Steven Heyer is Chief Executive Officer and Executive Chairman of Haymaker Acquisition Corp. II. He is also lead director of OneSpaWorld Holdings and serves as a director of Lazard Ltd and Lazard Group. Mr. Heyer has over 40 years of experience in the consumer and consumer-related products and services industries leading a range of companies and brands. He has applied his leadership and analytical skills in a variety of leadership positions across diverse industry groups, including broadcast media, consumer products, along with hotel and leisure companies. Mr. Heyer was the Chief Executive Officer of Starwood Hotels & Resorts Worldwide and President and Chief Operating Officer of The Coca-Cola Company. He also was President and Chief Operating Officer of Turner Broadcasting System, Inc., and a member of AOL Time Warner’s Operating Committee. Among other roles, he is an advisor and director to, and investor in, several private companies, including startups and turnarounds.
IPO Edge: What type of leadership qualities are most important in a successful SPAC?
Mr. Heyer: The most successful SPACs should have a mix of an operator who can see the potential in a business and someone with the financial mind needed to craft a deal. I really enjoyed working with Andy on Haymaker and we’re doing the same thing with Haymaker II. I’ve come to love him even more.
IPO Edge: What kind of company makes a good SPAC target?

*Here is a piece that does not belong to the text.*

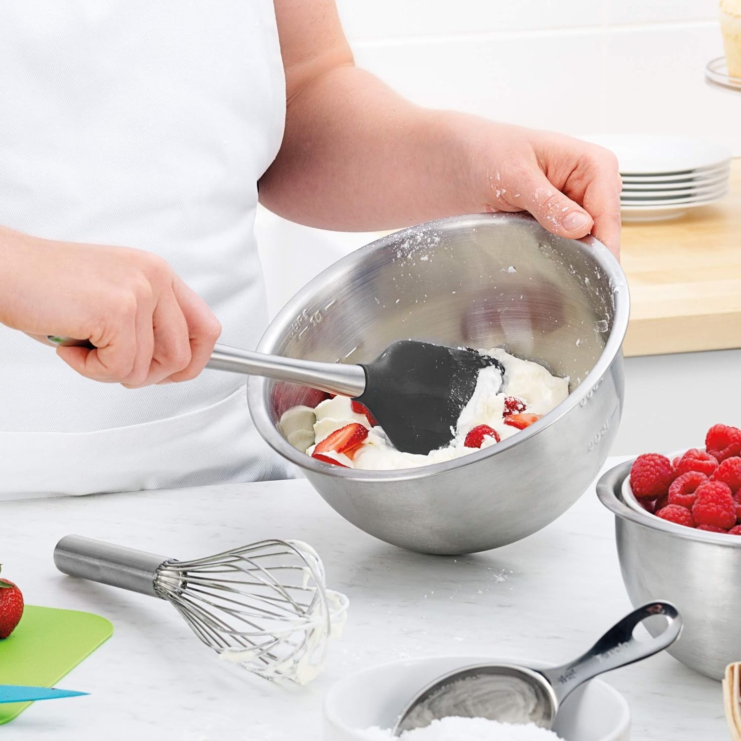 • . Tovolo's Flex-Core Stainless Steel Handled Spatulas have an ergonomically shaped handle allowing for a comfortable grip; making them perfect for mixing, folding, serving, spreading, scraping and flipping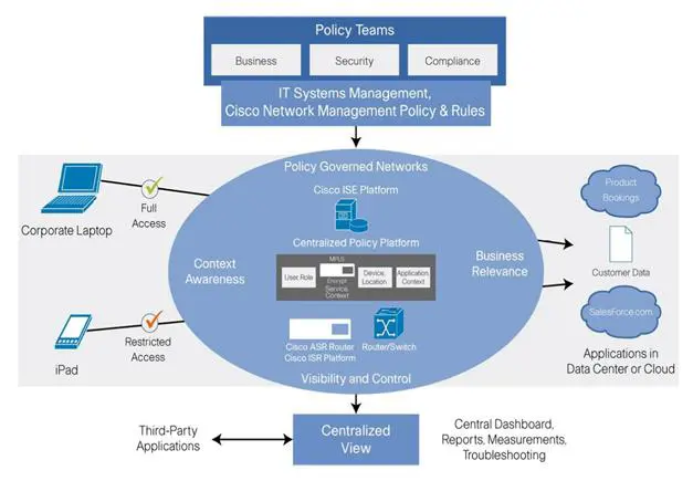 In many cases, regulatory compliance and ethical business practices require restricting access for some contexts. Solutions like Cisco's Policy Governed Network architecture provide centralized control of remote, wireless, and internally wired access control. If the network is properly segmented, access to resources is easily controlled. Access to various VLANs, for example, is controlled based on current context: the user attempting access, the user's location, the device used, and the time of day.

Mr. Heyer: You look for a good business that has both growth and free cash flow. It should be differentiated from the rest of the market with a wide moat around the business. OneSpaWorld has all of those features and we were able to get a deal done with a fabulous company. We had almost no redemptions and great enthusiasm for the transaction.
IPO Edge: What are the reasons to do a SPAC versus a traditional IPO?
Mr. Heyer: If the owner wants to take significant money off the table immediately, a SPAC is better. It’s also an opportunity for the owner to roll some of the investment to participate in the upside of a well-performing stock.
However, for a SPAC to succeed, you need trust and motivation on both sides. That’s how we got a friendly, fast negotiation with OneSpaWorld.
IPO Edge: Is there a size limitation for SPAC IPOs? What’s helping them get bigger?
Mr. Heyer: We raised $400 million for Haymaker II but it could be a billion dollars. The issue is that you’re probably looking for a middle market deal, so you don’t need that much in the SPAC IPO. You’re not going to raise $5 billion.
With a more successful track record, you can attract investors who want to bet on your team before the target is known.
IPO Edge: How have SPACs been perceived over the years?
Mr. Heyer: If you go back 20 years, SPAC was a dirty word. The reason is that people were using them to line their pockets. They were being bad stewards. Even recently, we had a handful of investors who had a knee-jerk negative reaction to a SPAC because of that history. But with more successful deals, attitudes are changing. It’s evolved from being a niche vehicle to becoming a real asset class.
IPO Edge: You talked about cash flow. Could a SPAC deal be done with a fast-growing company that’s not yet profitable?
Mr. Heyer: I would do it if the growth story were compelling enough and the potential for meaningful profit creation was clear. The expectation needs to be that the business can float on its own and doesn’t hinge on a dozen promises or flawless integration. At some point it stretches credibility.